Measles Elimination in the Americas: Evolving Strategies

Author Affiliations

From the Special Program for Vaccines and Immunization (Drs de Quadros and Hersh) and the Offices of the Deputy Director (Dr Brandling-Bennett) and Director (Dr Alleyne), Pan American Health Organization, Washington, DC; Global Program for Vaccines, World Health Organization, Geneva, Switzerland (Dr Olivé); Los Angeles County Health Department, Los Angeles, Calif (Dr Strassburg), Los Angeles, Calif and Department of International Health and Epidemiology, The Johns Hopkins School of Hygiene and Public Health, Baltimore, Md (Dr Henderson). Dr Olivé was formerly with the Expanded Program on Immunization, Pan American Health Organization, Washington, DC.

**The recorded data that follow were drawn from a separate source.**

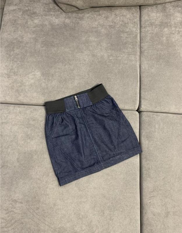 Фирменная джинсовая юбка Оodji. Цвет темно-синий деним Размер на наборе: 170/34 Замеры Длина 39 ПОТ 31 ПОБ 42 #11
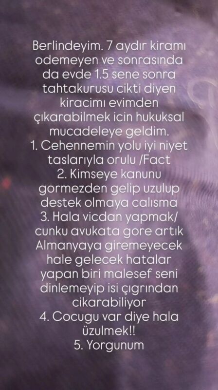 Tuba Ünsal, “Berlin’deyim. 7 aydır kiramı ödemeyen ve sonrasında da evde 1.5 sene sonra tahtakurusu çıktı diyen kiracımı evimden çıkarabilmek için hukuksal mücadeleye geldim.
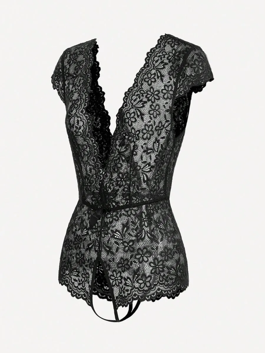 Sexy Red Lace Christmas Teddy Bodysuit with Padded Cups
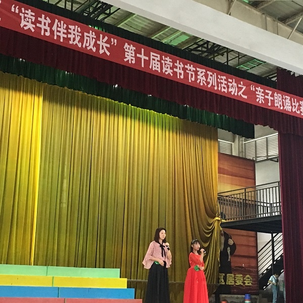 随着市立项课题《基于单元主题阅读的小学生阅读能力培养实证研究》的深入,学校读书节的开展更有声有色,学生、家长参与活动更加积极。5月6日下午,小榄镇绩东二小学在体育馆内进行了一场隆重的视听盛宴——“共读书,共成长”亲子朗读大赛。12个家庭以经典美文为主题进行朗诵,这是我校第一次以亲子形式开展的诵读活动。
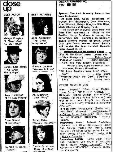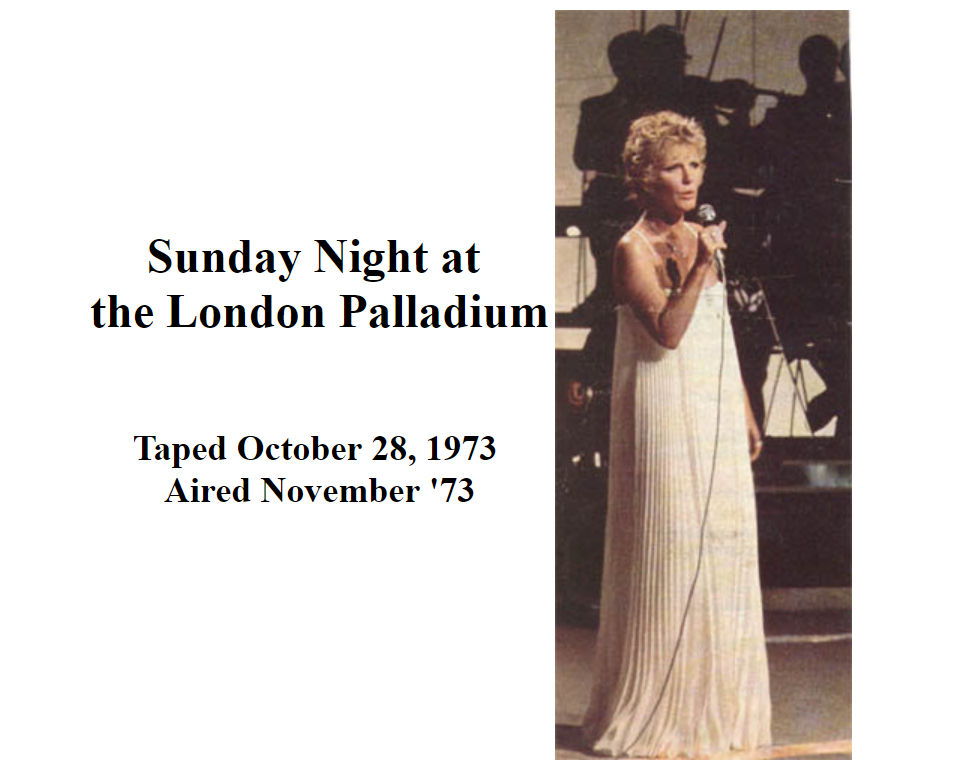Aquarius/Let The Sun Shine In (with Campbell), Beautiful, Burt Bacharach/Hal David medley with Campbell (Do You Know The Way To San Jose/Alfie/This Guy's In Love With You/The Look Of Love/I'll Never Fall In Love Again/What The World Needs Now Is Love), English medley w/ Campbell and Arte Johnson (Downtown/Call Me/My Love/Who Can I Turn To/Can't Buy Me Love/Eleanor Rigby/Ob-la-di, Ob-la-da)
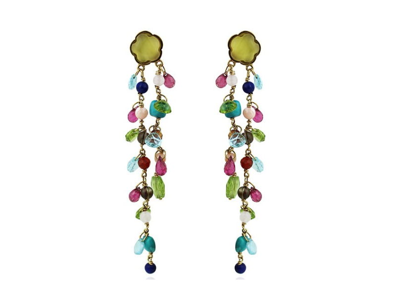 Pendientes de oro amarillo de 18Ktes. parte superior en forma de flor con piedra Luna, dos tiras en cascada con piedras de Topacio azul, Lapislázuli, C. Rosa, C. Fume, Peridoto, Turmalina Rosa y Turquesa. Cierre presión.
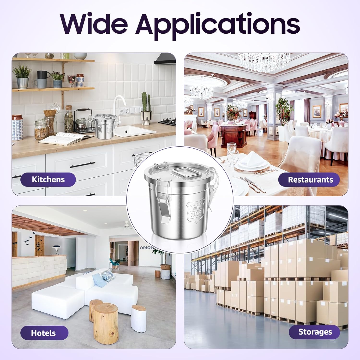 - Durable and Sturdy: The storage bucket has a food-grade 304 stainless steel body with a thickness of 0.6mm and a polishing process, 201 stainless steel sealing buckles and handles with butt welding, and a high-quality silicon sealing ring, offering durability and sturdiness for this airtight food storage container
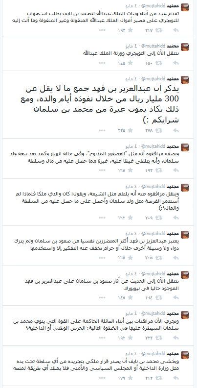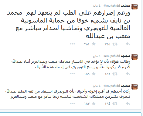 وعن رئيس الديوان الملكي السابق خالد التويجري، كتب مجتهد: “إن عددا من أبناء وبنات الملك عبد الله تقدموا لمحمد بن نايف بطلب استجواب للتويجري حول مصير أموال الملك عبد الله المنقولة وغير المنقولة وما آلت إليه، وكان أحدهم قد أقنع إخوته وأخواته بأن التويجري استفاد من ثقة الملك عبد الله، فتصرف بكثير من ممتلكاته الشخصية لنفسه، ربما بتآمر مع متعب وعبد العزيز ابني عبد الله”.
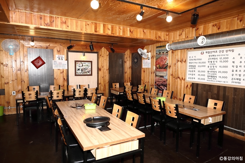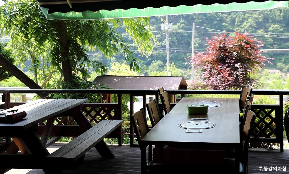동강의아침은 강원도 영월군에 있는 자연밥상 식당이다. 동강가에 자리 잡고 봉래산을 마주하고 있다. 동강시스타CC 근처여서 라운딩을 나온 골퍼나 동강 래프팅을 나온 여행객들, 현지인 모두 좋아하는 식당이다. 곤드레밥에 오리 훈제 생고기를 같이 먹는 한 상 차림이 인기 메뉴이다. 고기는 장작불에 초벌을 한 후 식탁에서 구워 먹는다. 강원도 산채와 건나물을 이용한 다양한 반찬들이 입맛을 돋운다. 집된장으로 끓이는 된장찌개도 손꼽히는 음식이다. 압력솥에 해서 부드럽고 찰진 곤드레밥에 양념간장을 넣어 비벼 먹으면 더 맛있다. 요즘 흔히 볼 수 없는 목조 건물로 외관이 상당히 멋스럽다. 식사는 내부를 이용할 수도 있고, 테라스에서 할 수도 있다. 주차는 외부에 넓은 전용 주차장이 있어 이용이 편리하다.
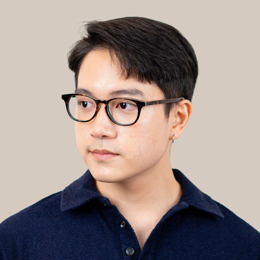 - กรอบที่มีสันคิ้ว (Browline) – ดึงสายตาขึ้นด้านบน ลดความกลมของใบหน้ากรอบทรง
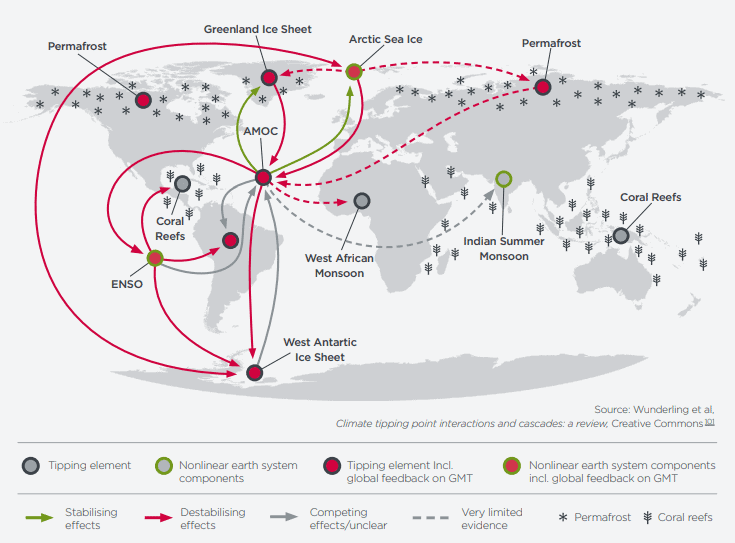 Az emberi tevékenység okozta klímaváltozás és a természeti erőforrások pusztítása a Föld rendszerének stabilitását sodorják veszélybe. A következmények – tűzvészek, áradások, hőhullámok, szárazságok – már most súlyosak, és a további tétlenség katasztrofális jövőt vetít előre. A szerzők kiemelik a klímatöréspontok (tipping points) veszélyét, amelyek bekövetkezése dominószerűen további összeomlásokat idézhet elő. Több töréspont átlépése után a klíma stabilizálása akár lehetetlenné is válhat.
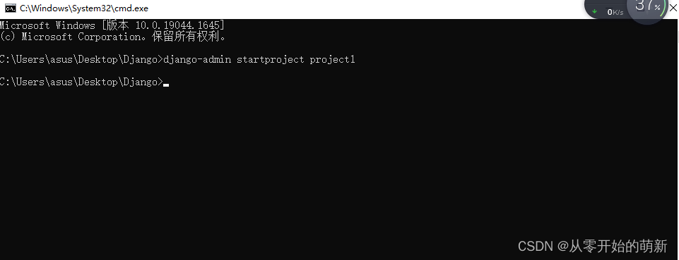 会出现一个小黑窗口 , 在小黑窗口 输入命令:django-admin startproject [项目名称]

JAMA. 1996;275(3):224-229. doi:10.1001/jama.1996.03530270064033

The strategy currently used to control measles in most countries has been to immunize each successive birth cohort through the routine health services delivery system. While measles vaccine coverage has increased markedly, significant measles outbreaks have continued to recur. During the past 5 years, experience in the Americas suggests that measles transmission has been interrupted in a number of countries (Cuba, Chile, and countries in the English-speaking Caribbean and successfully controlled in all remaining countries. Since 1991 these countries have implemented one-time "catch-up" vaccination campaigns (conducted during a short period, usually 1 week to 1 month, and targeting all children 9 months through 14 years of age, regardless of previous vaccination status or measles disease history). These campaigns have been followed by improvements in routine vaccination services and in surveillance systems, so that the progress of the measles elimination efforts can be sustained and monitored. Follow-up mass vaccination campaigns for children younger than 5 years are planned to take place every 3 to 5 years.